Oversee internal and external data sharing, managing anonymization algorithms, data requests, DUAs, and risk-based reviews. Implement industry best practices from TransCelerate and PhUSE. Partner with CDS and the Gilead Data Office to embed governance in operations, define standards for data retention, archival, and re-identification risk mitigation. Support due diligence for third-party vendors. Evaluate technologies like data catalogs and lineage tools, promote FAIR principles, CDISC, OMOP, and HL7 FHIR standards. Develop request portals and wikis to enhance content dissemination and continuous learning.

Qualifications & Requirements

To succeed as Sr Manager, Statistical Programming at Gilead, candidates need a strong educational foundation: Bachelor's Degree with eight years of experience, Master's Degree with six years, or PhD/PharmD with two years. Preferred qualifications include 6+ years in pharma, biotech, or medical research; 4+ years with data; and 2+ years in data governance, clinical data management, or RWE leadership. Proficiency in programming languages such as MATLAB, SAS, R, Python, or SQL is essential, alongside intermediate skills in Smartsheet, Azure DevOps, or MS PowerApps.

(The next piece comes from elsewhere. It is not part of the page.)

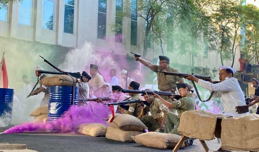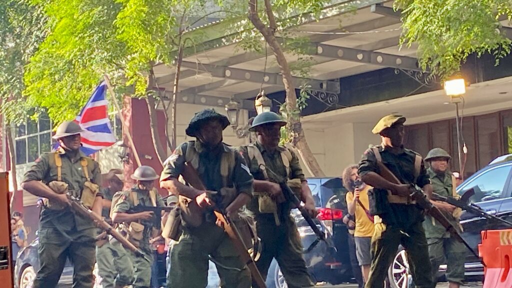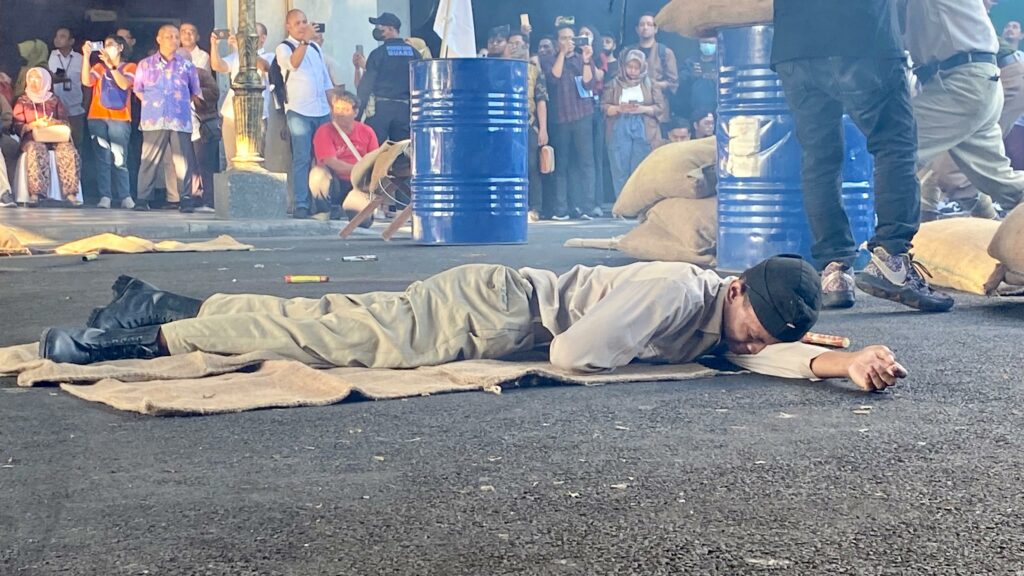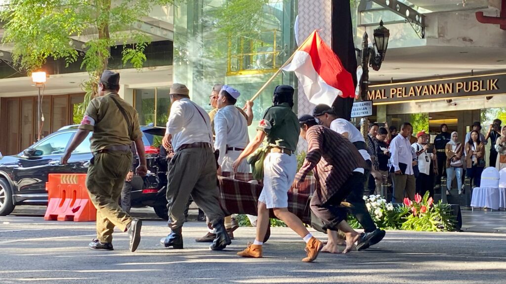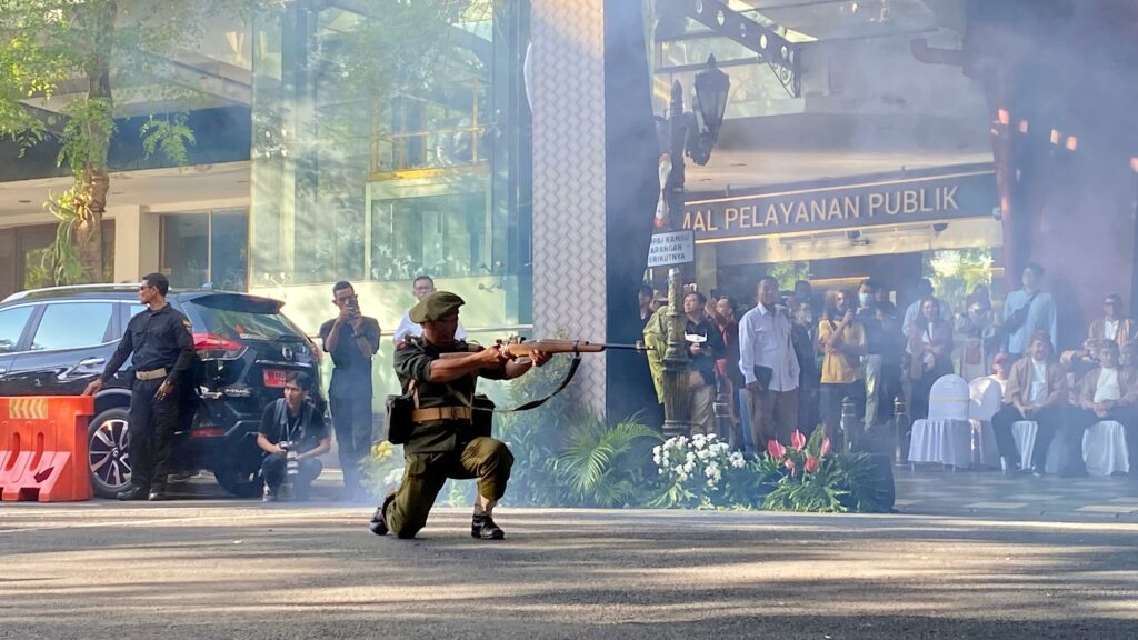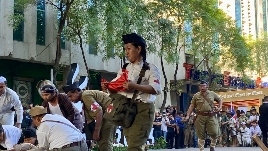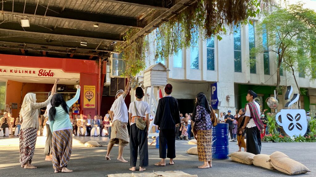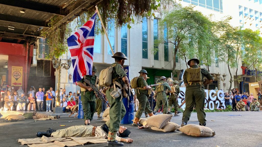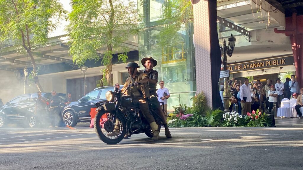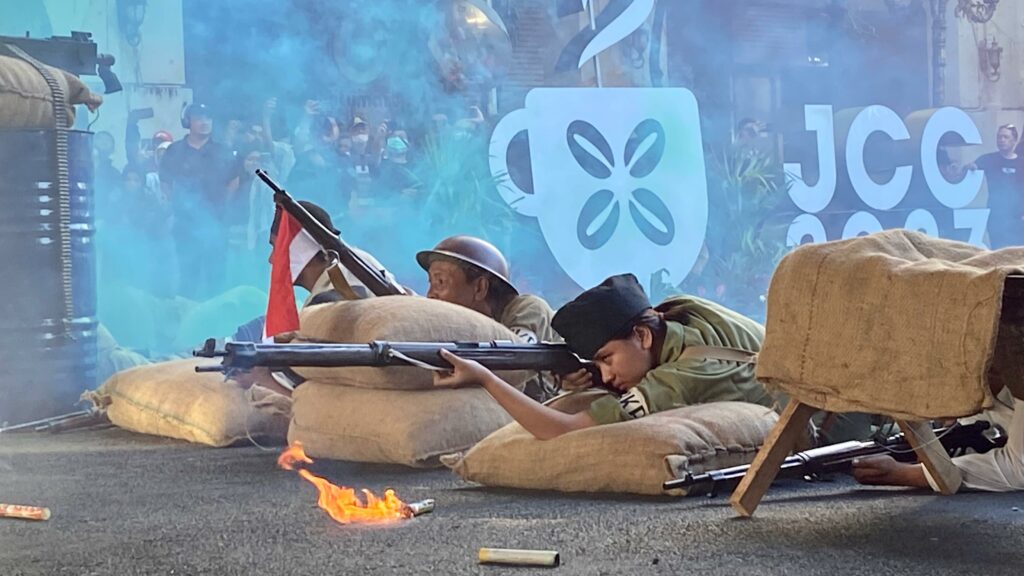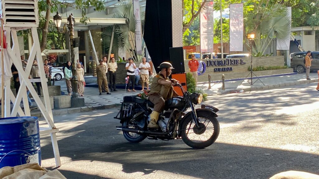 JCC 2023 & Festival Peneleh yang hadir di Jalan Tunjungan Surabaya, menampilkan sebuah teatrikal bertakjub “Teaktrikal Soerabaja Tempoe Doeloe”, yang menunjukan tentang perjuangan Arek-Arek Suroboyo dalam melawan tentara penjajah. (dvn)

A deep understanding of clinical and RWE data structures, regulatory frameworks, privacy laws like GDPR and HIPAA, and anonymization techniques is required. Familiarity with EMA Policy 0070, EU CTR, governance tools (e.g., Collibra, Informatica), and data platforms (e.g., CPRD, Aetion) is highly valued. Exceptional leadership, collaboration, communication skills, and the ability to operationalize legal requirements with a strategic, execution-focused mindset are critical. As a people leader, you'll create inclusion, model diverse teams, and empower employees.

Basic Qualifications

• Bachelor's + 8 years OR Master's + 6 years OR PhD + 2 years
• Experience in pharma/biotech

Preferred Qualifications

• Programming expertise (SAS, R, Python, SQL)
• Data governance and regulatory knowledge
• Leadership in clinical/RWE data

Benefits & Perks

Gilead Sciences offers a premium compensation package for the Sr Manager, Statistical Programming role, including an estimated salary range reflecting biopharmaceutical sector rates with a buffer for top talent. Beyond competitive pay, enjoy fully remote work across the United States, comprehensive health insurance, retirement plans, and generous paid time off. Professional development programs, leadership training, and tuition reimbursement support your growth. Gilead's inclusive culture provides wellness resources, employee assistance programs, and stock options. Join a company that values work-life balance while tackling global health challenges in HIV, oncology, and inflammatory diseases.

Career Growth

At Gilead, career advancement is a priority. As a people leader, you'll evolve the company culture, fostering inclusion and empowerment. This role offers pathways to higher leadership in data sciences, regulatory affairs, or R&D. Gilead invests in training on emerging technologies, regulatory landscapes, and leadership skills. With a track record of internal promotions, ambitious professionals thrive, contributing to innovations in HIV therapies, cancer treatments, and beyond. Network with cross-functional teams and global experts to build a lasting impact.

Why Join Gilead

Gilead Sciences stands out for its relentless drive against public health threats. Your work as Sr Manager, Statistical Programming will directly support therapies improving lives worldwide. Enjoy a collaborative environment where diverse teams innovate boldly. Remote flexibility, ethical focus, and mission-driven culture make Gilead ideal for passionate leaders. Contribute to Gilead's legacy in HIV, oncology, inflammatory diseases, and viral hepatitis while advancing your career in a premium biopharma setting.

Role FAQs

Q: Is this role fully remote? Yes, available remotely across the United States.

Q: What programming skills are needed? Proficiency in SAS, R, Python, SQL, or similar.

Q: Does it require travel? Minimal, focused on remote collaboration.

Q: What regulations will I handle? GDPR, HIPAA, EMA Policy 0070, EU CTR, and more.

Q: Is leadership experience required? Yes, with accountabilities for inclusion and team development.